Source records:

----

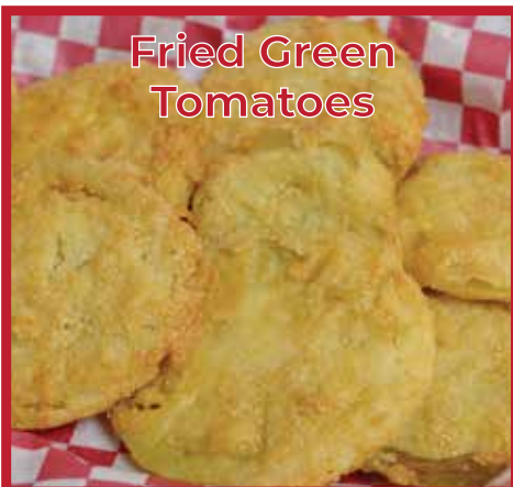
Fried Green Tomatoes
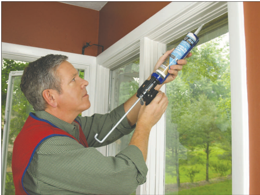
BPT Photo Caulk around windows and doors - Air can also leak through minute cracks around windows and doors.
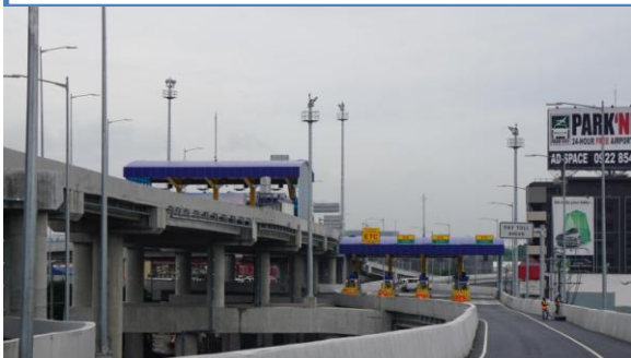
Toll Plazas in Phase 2A
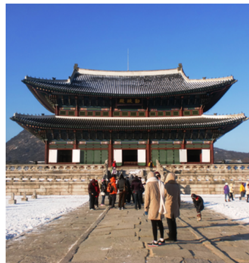
Seoul GYEONGBOKGUNG PALACE 景福宫
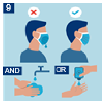
Replace the mask if it gets wet or dirty and wash your hands again after putting it on. Do not reuse the mask.
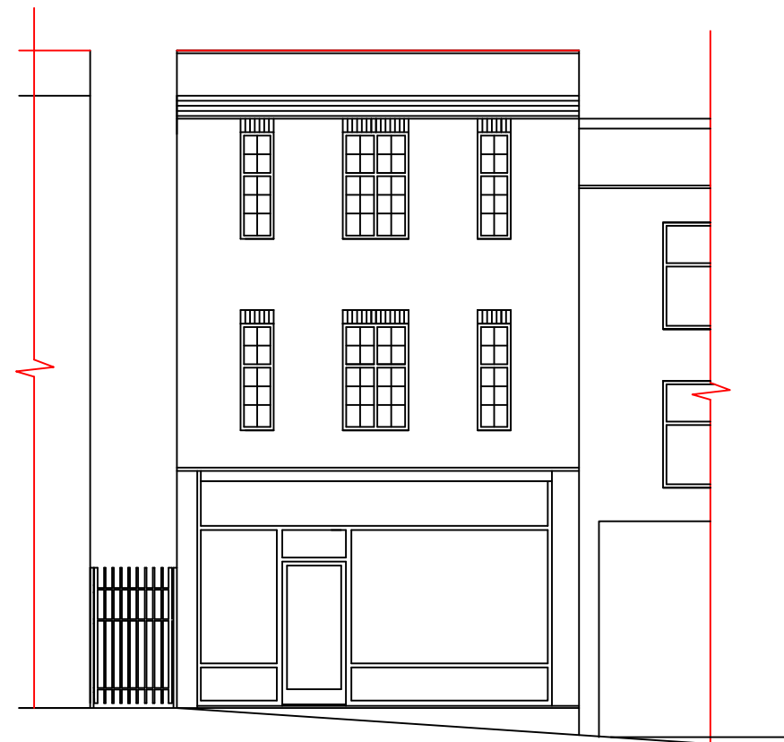
Existing and Proposed Front Elevation
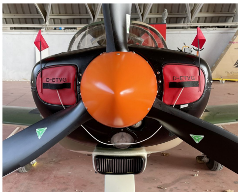
Marcheti SF260C Inlet Plugs

Engine Inlet Plugs are custom fit for your SiAi Marchetti SF260 intakes, made with heavy-duty vinyl material, and stuffed with a single block of sculpted urethane foam. Each plug has a zipper that allows the foam to be removed and dried if necessary. Engine plugs have warning flags that are visible from the cockpit or 'remove before flight' streamers sewn onto the face of the plugs. Most plugs are imprinted with the aircraft registration number in black for an extra charge. Storage bag NOT included. Engine plugs may be inserted after flight when the engine is still warm. Engine Inlet Plugs are commonly referred to as Cowl Plugs, Intake Plugs, Cowl Blocks, Engine Blocks, and Engine Bungs.
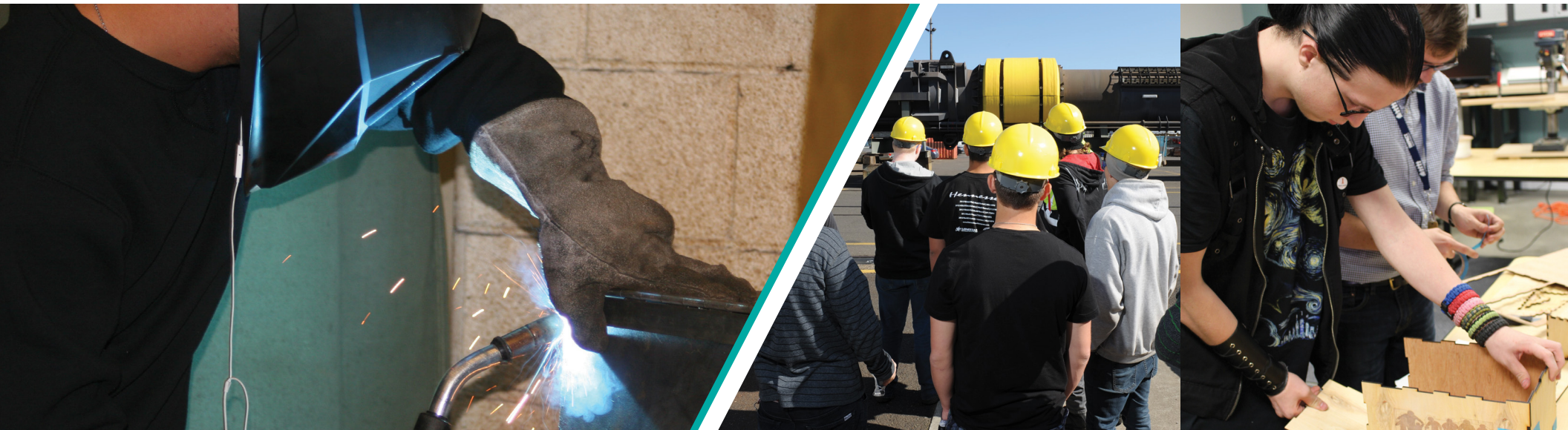
Impact NW's career exposure program, Pathways to Manufacturing, introduces students to manufacturing jobs and careers through hands-on training and industry site visits.
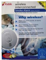
Figure 1: Interconnected smoke alarm Estimated cost $55.00 each
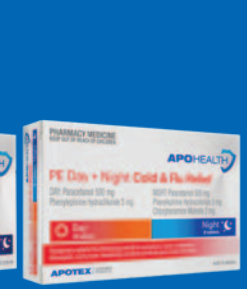
COLD & FLU

Contact your Sales Representative today or call 1800 276 839.

----

PROBLEM:
Would you output the lines above from the line holding "BPT Photo Caulk" up to and including the line holding "Marcheti SF260C Inlet Plugs", exactly and only those, with no pictures?

RESULT FOR THIS TASK:
BPT Photo Caulk around windows and doors - Air can also leak through minute cracks around windows and doors.
Toll Plazas in Phase 2A
Seoul GYEONGBOKGUNG PALACE 景福宫
Replace the mask if it gets wet or dirty and wash your hands again after putting it on. Do not reuse the mask.
Existing and Proposed Front Elevation
Marcheti SF260C Inlet Plugs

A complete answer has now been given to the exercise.